When writing out the entries below, keep only the lines from the line with "Mr Wolton likes" to the line with "陈立中先后重点检查了大学城校", both included, exactly as they are, and leave the pictures aside.

Supplied records —

• • •

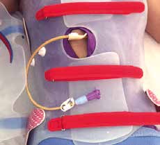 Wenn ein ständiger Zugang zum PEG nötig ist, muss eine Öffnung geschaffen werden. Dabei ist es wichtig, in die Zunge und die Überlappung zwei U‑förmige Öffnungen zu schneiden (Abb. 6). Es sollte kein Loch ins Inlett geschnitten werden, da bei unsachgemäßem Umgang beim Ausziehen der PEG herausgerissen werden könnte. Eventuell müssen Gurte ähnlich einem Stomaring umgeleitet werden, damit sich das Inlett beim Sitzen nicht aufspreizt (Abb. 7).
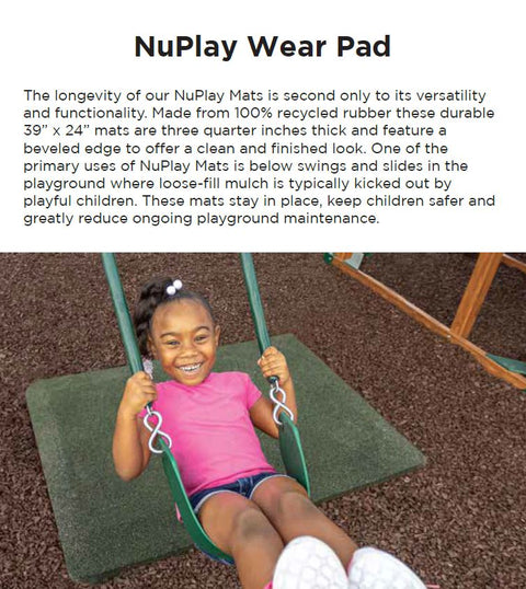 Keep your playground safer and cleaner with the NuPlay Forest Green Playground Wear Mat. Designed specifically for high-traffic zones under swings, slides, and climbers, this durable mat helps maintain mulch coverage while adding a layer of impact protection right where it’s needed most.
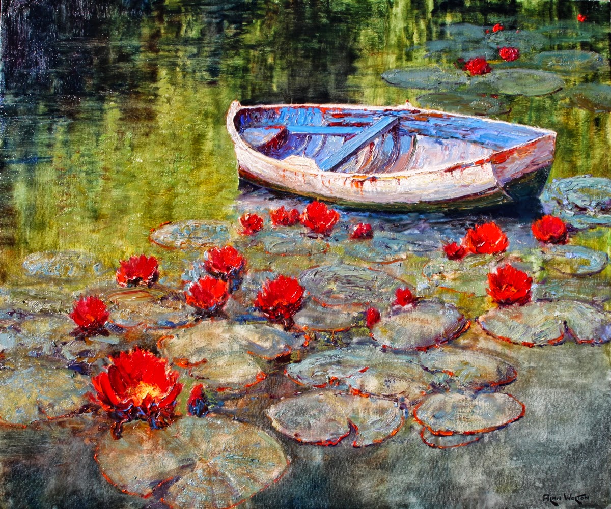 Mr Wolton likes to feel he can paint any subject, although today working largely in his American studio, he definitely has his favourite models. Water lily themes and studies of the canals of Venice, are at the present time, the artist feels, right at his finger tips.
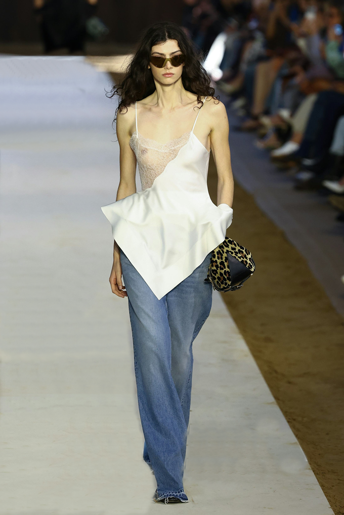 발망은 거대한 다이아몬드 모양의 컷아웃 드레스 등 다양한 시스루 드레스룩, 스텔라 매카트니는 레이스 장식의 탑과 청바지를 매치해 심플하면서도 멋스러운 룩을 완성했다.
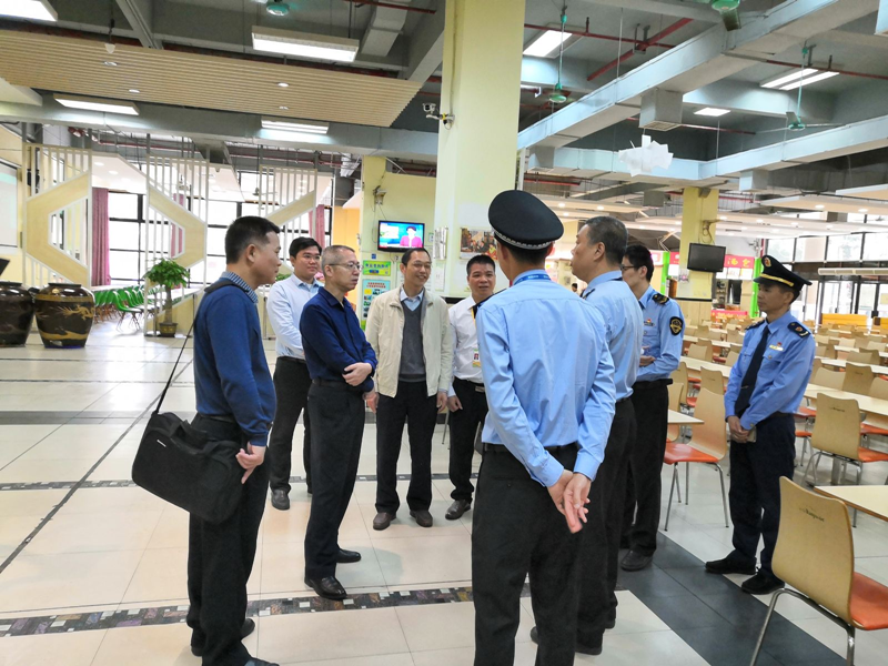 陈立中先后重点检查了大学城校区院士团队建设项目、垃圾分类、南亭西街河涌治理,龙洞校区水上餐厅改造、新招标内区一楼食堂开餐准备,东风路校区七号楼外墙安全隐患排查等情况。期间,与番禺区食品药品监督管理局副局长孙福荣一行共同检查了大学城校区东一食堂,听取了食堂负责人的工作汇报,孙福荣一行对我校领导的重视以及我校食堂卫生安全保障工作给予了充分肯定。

• • •

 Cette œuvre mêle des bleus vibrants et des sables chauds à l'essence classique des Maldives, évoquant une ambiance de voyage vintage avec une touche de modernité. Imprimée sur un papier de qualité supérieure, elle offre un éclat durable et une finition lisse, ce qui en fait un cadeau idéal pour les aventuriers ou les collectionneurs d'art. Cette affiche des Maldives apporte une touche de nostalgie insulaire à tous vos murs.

• • •

Completed task —
 Mr Wolton likes to feel he can paint any subject, although today working largely in his American studio, he definitely has his favourite models. Water lily themes and studies of the canals of Venice, are at the present time, the artist feels, right at his finger tips.
 발망은 거대한 다이아몬드 모양의 컷아웃 드레스 등 다양한 시스루 드레스룩, 스텔라 매카트니는 레이스 장식의 탑과 청바지를 매치해 심플하면서도 멋스러운 룩을 완성했다.
 陈立中先后重点检查了大学城校区院士团队建设项目、垃圾分类、南亭西街河涌治理,龙洞校区水上餐厅改造、新招标内区一楼食堂开餐准备,东风路校区七号楼外墙安全隐患排查等情况。期间,与番禺区食品药品监督管理局副局长孙福荣一行共同检查了大学城校区东一食堂,听取了食堂负责人的工作汇报,孙福荣一行对我校领导的重视以及我校食堂卫生安全保障工作给予了充分肯定。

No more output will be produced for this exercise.